Jan 29 2012

The Sacred Earth

When I was in Chaco Canyon early last month I picked up and read my first Tony Hillerman novel.  Later today I will finish reading my fifteenth Hillerman novel.  I quickly fell in love with his writings and have not been able to stop reading the Chee/Leaphorn series.  I typically don’t read these kinds of books but I have thoroughly enjoyed this series and learning about Navajo culture and religion. 

In his books Hillerman goes out of his way to note that the Navajo’s consider their land sacred.  They have holy mountains and many rituals that show respect for the earth and nature.  In a way that is foreign to many of us they live close to the earth.  In his essay, “The Navajo Nation,” George Hardeen says the Navajo “made the land their religion.”  You cannot understand Navajo religion apart from the land.

Years ago when I was in seminary I learned that the Jews, likewise, considered their land sacred.  It was viewed as a gift from God.  They, too, had their holy mountain and strong convictions that the ground upon which they stood was holy ground.  Walter Brueggemann, in his classic work The Land, says “The Bible is the story of God’s people with God’s land.”  He even makes the bold statement, “Land is a central, if not the central theme of biblical faith.”  Like the Navajos, it would be hard to understand the Jewish religion apart from the land.  After the Jews were led into exile in distant Babylon this proved to be a great test of their faith.  When the Babylonians asked them to sing “the songs of Zion” they responded, “How can we sing the songs of the Lord while in a foreign land?” (Psalm 137:4)  They had trouble separating their faith from the land they held sacred.

Reading Hillerman’s novels and reflecting on the Bible’s strong emphasis on the land has made me wonder why more of us don’t consider the land we live on sacred.  Psalm 24:1 declares that “the earth is the Lord’s.”  Does that not, in itself, make it sacred?  Just recognizing the fact that a holy God created the world should move us to realize that it, too, is holy.

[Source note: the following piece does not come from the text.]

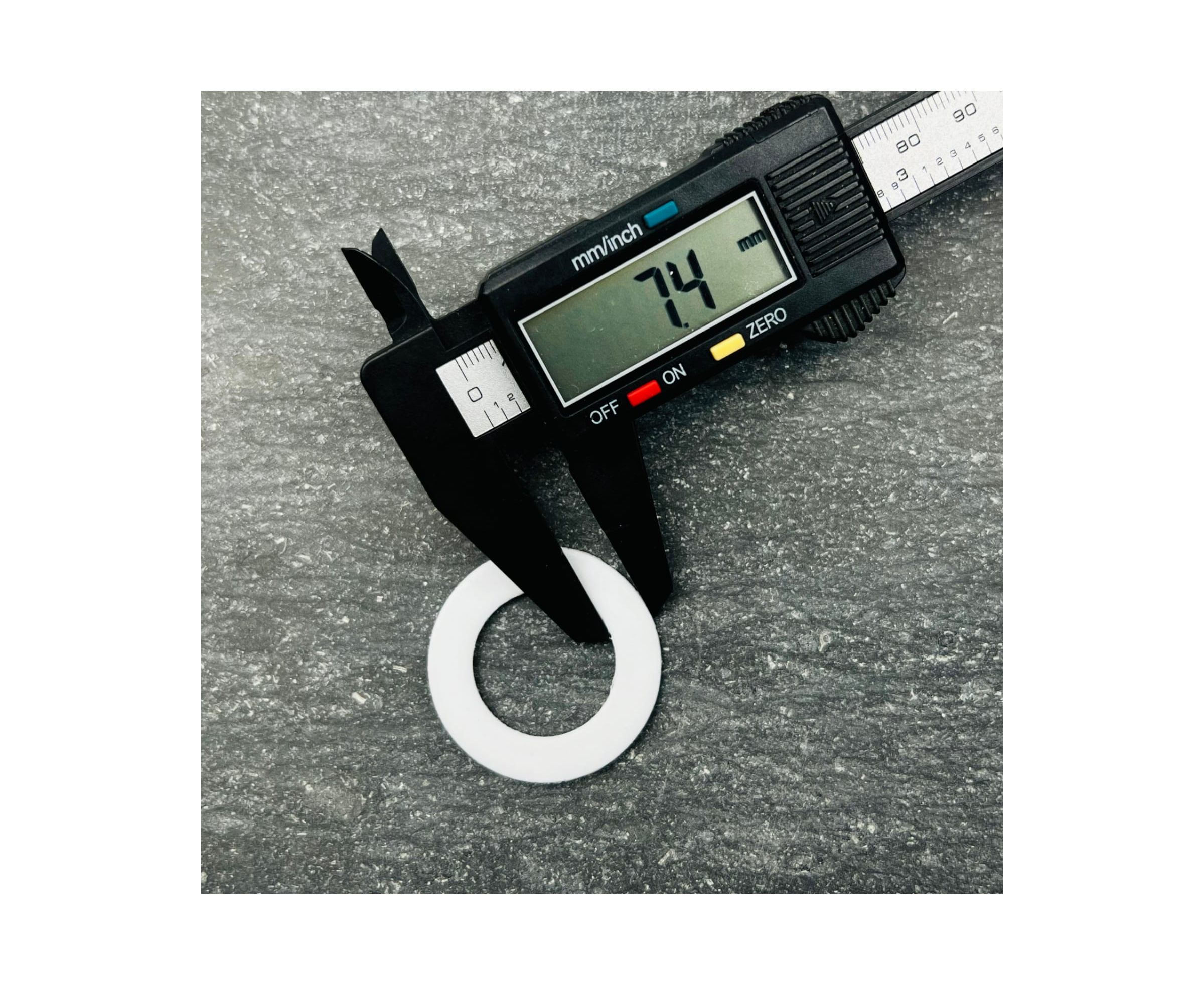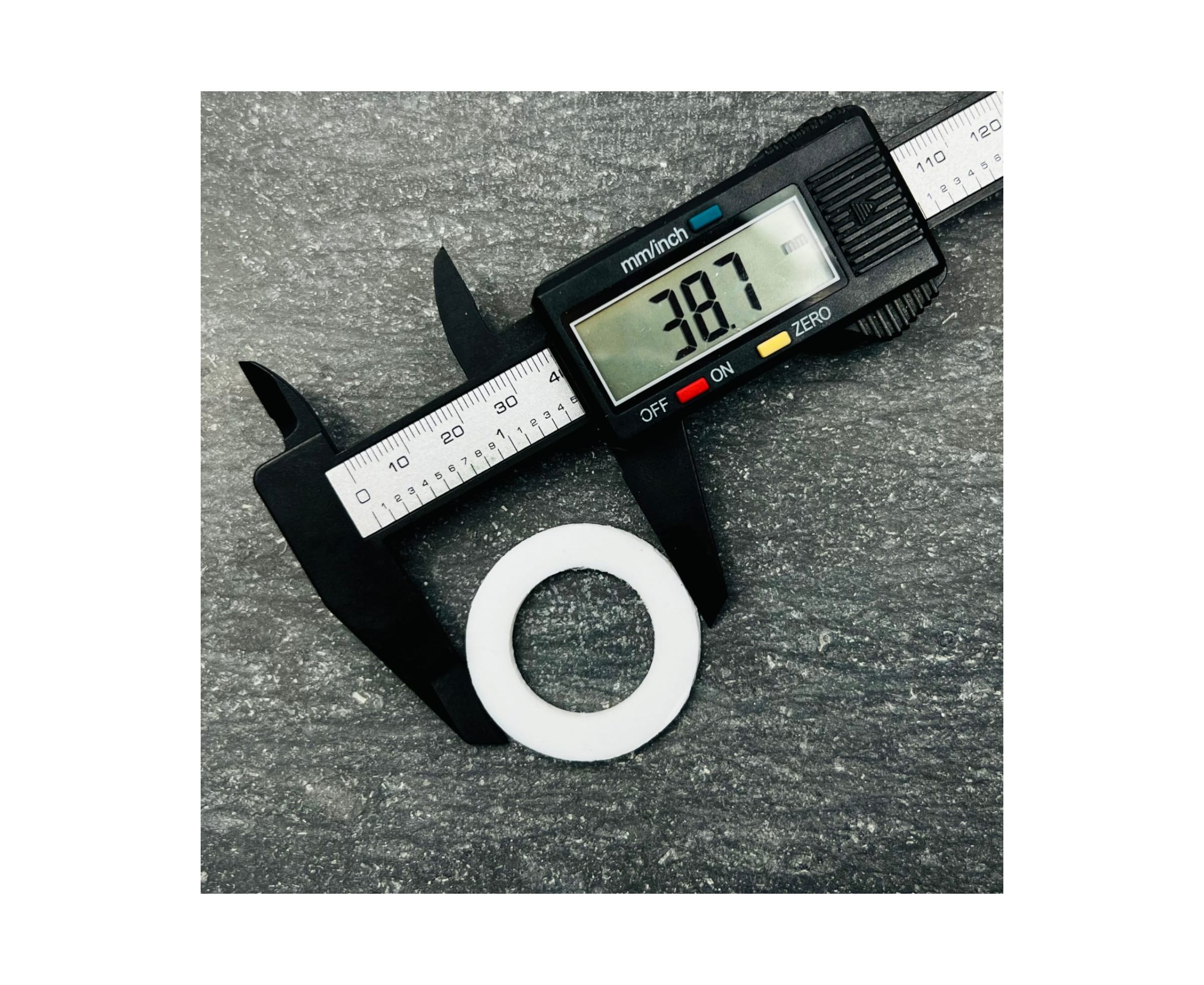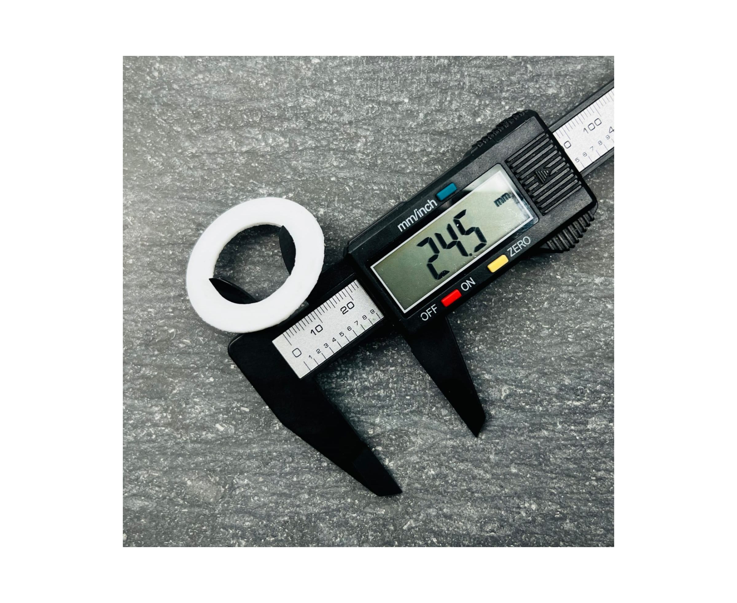 Внутренний диаметр - 24 мм, наружный диаметр - 37 мм, толщина - 2 мм.

I strongly believe that many of the problems the world faces today are, at least in part, due to our failure to affirm the earth is sacred.  If we truly believed that the earth belonged to God and is holy wouldn’t that cause us to take better care of it?  Wouldn’t that cause us to do a better job of sharing its resources?  Wouldn’t it make a difference in the way we observe and relate to nature?   Will it take a burning bush to make us realize we stand on holy ground?  I hope not.  I fully concur with Elizabeth Barrett Browning who wrote, “Earth’s crammed with heaven; and every common bush afire with God; but only he who sees, takes off his shoes.  The rest sit round it and pluck blackberries.”  May God give us all eyes to see that the land we live on truly is holy ground.

–Chuck

(I chose to illustrate this entry with three images I took last month in Tony Hillerman’s beloved New Mexico.)


Jul 12 2009

Trying To Be There

blackberriesOne of the books I am reading right now is a novel by Barbara Kingsolver called Prodigal Summer.  The natural world plays a prominent role in this book, as it  does in most of Kingsolver’s works.  In one chapter she talks about moths and how some creatures are never even seen by humans.  She then writes, “So much detail goes unnoticed in the world.”

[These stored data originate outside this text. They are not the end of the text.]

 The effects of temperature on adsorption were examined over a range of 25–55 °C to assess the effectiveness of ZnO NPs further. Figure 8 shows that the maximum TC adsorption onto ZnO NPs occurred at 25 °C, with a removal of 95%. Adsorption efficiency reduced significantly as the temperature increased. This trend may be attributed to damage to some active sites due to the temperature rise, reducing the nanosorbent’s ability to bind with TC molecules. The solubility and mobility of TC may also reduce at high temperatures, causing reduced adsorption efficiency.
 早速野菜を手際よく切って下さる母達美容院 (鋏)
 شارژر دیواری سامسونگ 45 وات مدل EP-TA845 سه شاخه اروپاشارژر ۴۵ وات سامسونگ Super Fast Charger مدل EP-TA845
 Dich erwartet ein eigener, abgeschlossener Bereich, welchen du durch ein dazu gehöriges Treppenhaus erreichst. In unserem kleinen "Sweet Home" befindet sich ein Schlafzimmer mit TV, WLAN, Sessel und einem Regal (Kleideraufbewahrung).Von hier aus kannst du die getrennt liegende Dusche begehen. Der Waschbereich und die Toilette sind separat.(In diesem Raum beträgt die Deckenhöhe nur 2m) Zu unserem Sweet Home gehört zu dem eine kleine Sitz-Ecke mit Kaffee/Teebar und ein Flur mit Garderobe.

There can be no denying that we all miss out on “so much detail” in our everyday world.  Perhaps we move through the day too fast or stressed out to notice.  Maybe we just don’t care.  As Christians we should strive to be more observant because the God we worship is “in the details.”  The Creator has made the world so that we might experience Him in not just the big things but in the little things too.  The key is learning to pay attention.

Elizabeth Barrett Browning wrote: “Earth’s crammed with heaven, and every common bush afire with God; but only he who sees, takes off his shoes, the rest sit round it and pluck blackberries.”  It is my fear that there are a lot of us who are missing out on some wonderful things because we are not truly seeing what is going on around us; we are not paying attention.  Instead of taking notice of God’s splendor and glory in Creation we sit around and “pluck blackberries.”

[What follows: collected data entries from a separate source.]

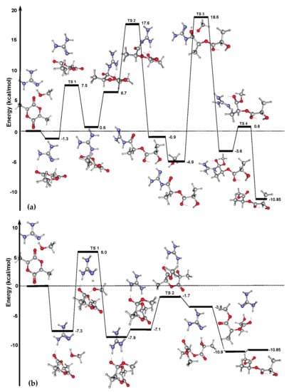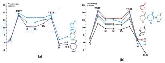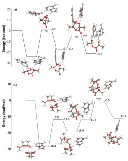 The reaction energy profiles (electronic energies with zero-point corrections) for initiation (a) and propagation (b) stages of adenine-catalyzed l-LA ROP. Reprinted with permission from []. Copyright (2016) Royal Society of Chemistry.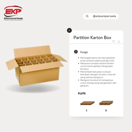 Partition Karton Box atau kotak kardus partisi merupakan solusi kemasan yang dirancang dengan sekat atau pembatas di dalam box untuk menjaga setiap produk tetap terpisah dan aman. Sistem partisi ini membantu mencegah benturan antar produk selama proses penyimpanan dan distribusi, sehingga sangat ideal digunakan untuk barang yang mudah pecah, bernilai tinggi, atau memiliki bentuk yang seragam.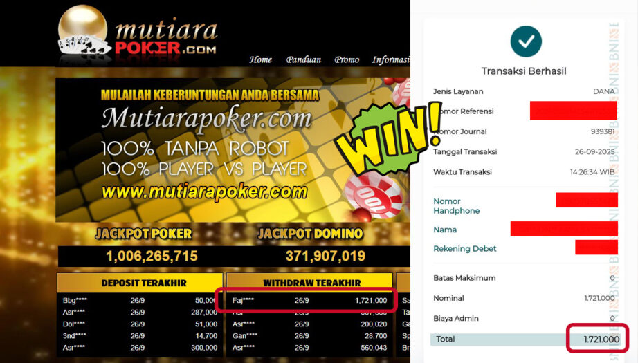 Bukti Withdraw ( 1,721,000,- ) Member Setia MutiaraPoker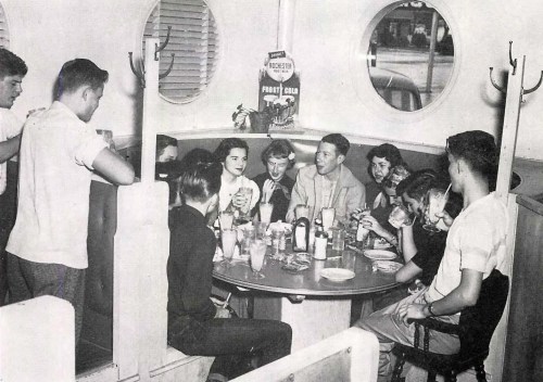 It’s harder to track high school students, at least until the 40s and 50s when their consumption of snack foods such as hamburgers, sodas, and pizzas became noticeable. Like college students before them they tended to favor informal meals eaten at odd hours of the day and night.

In one of my favorite books, Pilgrim at Tinker Creek, Annie Dillard notes that in nature “beauty and grace are performed whether or not we will or sense them.”  She then adds, “The least we can do is try to be there.”  Yes, it would seem that is the least we can do.  It might not be a bad idea to begin each day by praying the opening words of the hymn: “Open my eyes that I might see, glimpses of truth Thou hast for me.”  It would be a good start…

–Chuck Summers

p.s. Rob wants everyone to know that it’s still o.k. to pick and eat blackberries!